## [AIM OF THE EXERCISE]
Below, find the line containing "When Donald Trump" and the line containing "10月31日下午,2014年"; reproduce exactly those two and every line between them, omitting pictures.

## [THE INPUT]
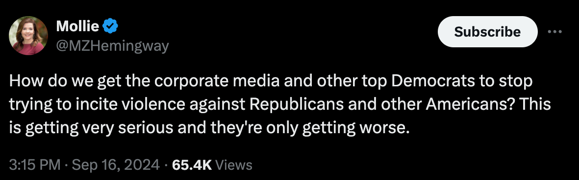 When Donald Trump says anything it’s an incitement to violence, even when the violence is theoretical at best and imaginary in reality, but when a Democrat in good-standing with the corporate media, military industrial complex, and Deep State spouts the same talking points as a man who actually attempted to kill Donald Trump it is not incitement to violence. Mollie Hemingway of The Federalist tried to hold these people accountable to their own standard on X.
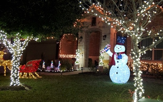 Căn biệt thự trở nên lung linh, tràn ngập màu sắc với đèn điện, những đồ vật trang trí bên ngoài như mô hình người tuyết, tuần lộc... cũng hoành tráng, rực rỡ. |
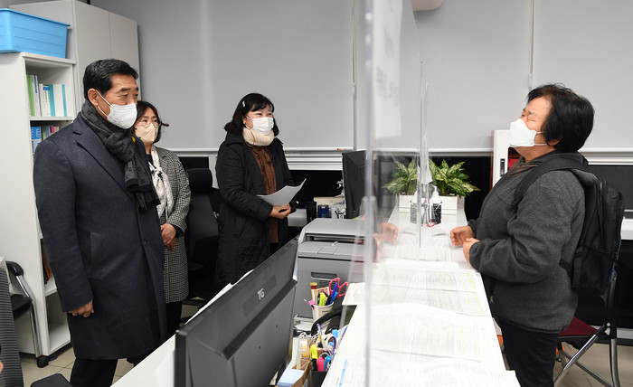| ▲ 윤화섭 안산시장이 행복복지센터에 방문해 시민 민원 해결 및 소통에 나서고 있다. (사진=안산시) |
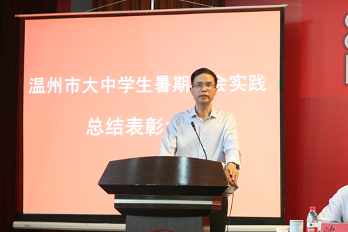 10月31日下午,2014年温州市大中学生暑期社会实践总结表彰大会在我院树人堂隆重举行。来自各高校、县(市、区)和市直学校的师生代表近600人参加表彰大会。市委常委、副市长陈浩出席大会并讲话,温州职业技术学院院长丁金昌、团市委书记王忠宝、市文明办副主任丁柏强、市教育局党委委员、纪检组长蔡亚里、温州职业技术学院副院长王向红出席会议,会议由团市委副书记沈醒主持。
==
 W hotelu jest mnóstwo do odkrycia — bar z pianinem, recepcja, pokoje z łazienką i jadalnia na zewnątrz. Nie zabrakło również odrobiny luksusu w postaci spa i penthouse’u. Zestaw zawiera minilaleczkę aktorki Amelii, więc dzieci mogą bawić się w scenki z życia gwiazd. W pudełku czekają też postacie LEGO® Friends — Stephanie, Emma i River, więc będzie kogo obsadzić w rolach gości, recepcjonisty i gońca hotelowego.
==
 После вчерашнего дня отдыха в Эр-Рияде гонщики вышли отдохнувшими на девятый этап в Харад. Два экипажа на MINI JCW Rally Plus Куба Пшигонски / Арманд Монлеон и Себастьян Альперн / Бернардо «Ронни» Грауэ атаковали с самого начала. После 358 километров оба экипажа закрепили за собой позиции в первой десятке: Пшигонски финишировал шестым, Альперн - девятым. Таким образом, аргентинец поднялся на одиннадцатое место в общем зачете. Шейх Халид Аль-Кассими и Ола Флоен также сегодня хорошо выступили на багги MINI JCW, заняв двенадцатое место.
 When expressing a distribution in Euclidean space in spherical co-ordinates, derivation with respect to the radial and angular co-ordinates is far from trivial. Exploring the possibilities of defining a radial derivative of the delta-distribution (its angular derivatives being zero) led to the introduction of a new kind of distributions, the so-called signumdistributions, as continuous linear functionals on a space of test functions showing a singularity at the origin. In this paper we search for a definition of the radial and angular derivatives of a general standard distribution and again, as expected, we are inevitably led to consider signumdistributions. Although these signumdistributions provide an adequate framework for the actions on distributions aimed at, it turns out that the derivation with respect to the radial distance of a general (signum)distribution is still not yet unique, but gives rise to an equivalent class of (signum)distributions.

## [RESPONSE FOR THIS EXERCISE]
 When Donald Trump says anything it’s an incitement to violence, even when the violence is theoretical at best and imaginary in reality, but when a Democrat in good-standing with the corporate media, military industrial complex, and Deep State spouts the same talking points as a man who actually attempted to kill Donald Trump it is not incitement to violence. Mollie Hemingway of The Federalist tried to hold these people accountable to their own standard on X.
 Căn biệt thự trở nên lung linh, tràn ngập màu sắc với đèn điện, những đồ vật trang trí bên ngoài như mô hình người tuyết, tuần lộc... cũng hoành tráng, rực rỡ. |
| ▲ 윤화섭 안산시장이 행복복지센터에 방문해 시민 민원 해결 및 소통에 나서고 있다. (사진=안산시) |
 10月31日下午,2014年温州市大中学生暑期社会实践总结表彰大会在我院树人堂隆重举行。来自各高校、县(市、区)和市直学校的师生代表近600人参加表彰大会。市委常委、副市长陈浩出席大会并讲话,温州职业技术学院院长丁金昌、团市委书记王忠宝、市文明办副主任丁柏强、市教育局党委委员、纪检组长蔡亚里、温州职业技术学院副院长王向红出席会议,会议由团市委副书记沈醒主持。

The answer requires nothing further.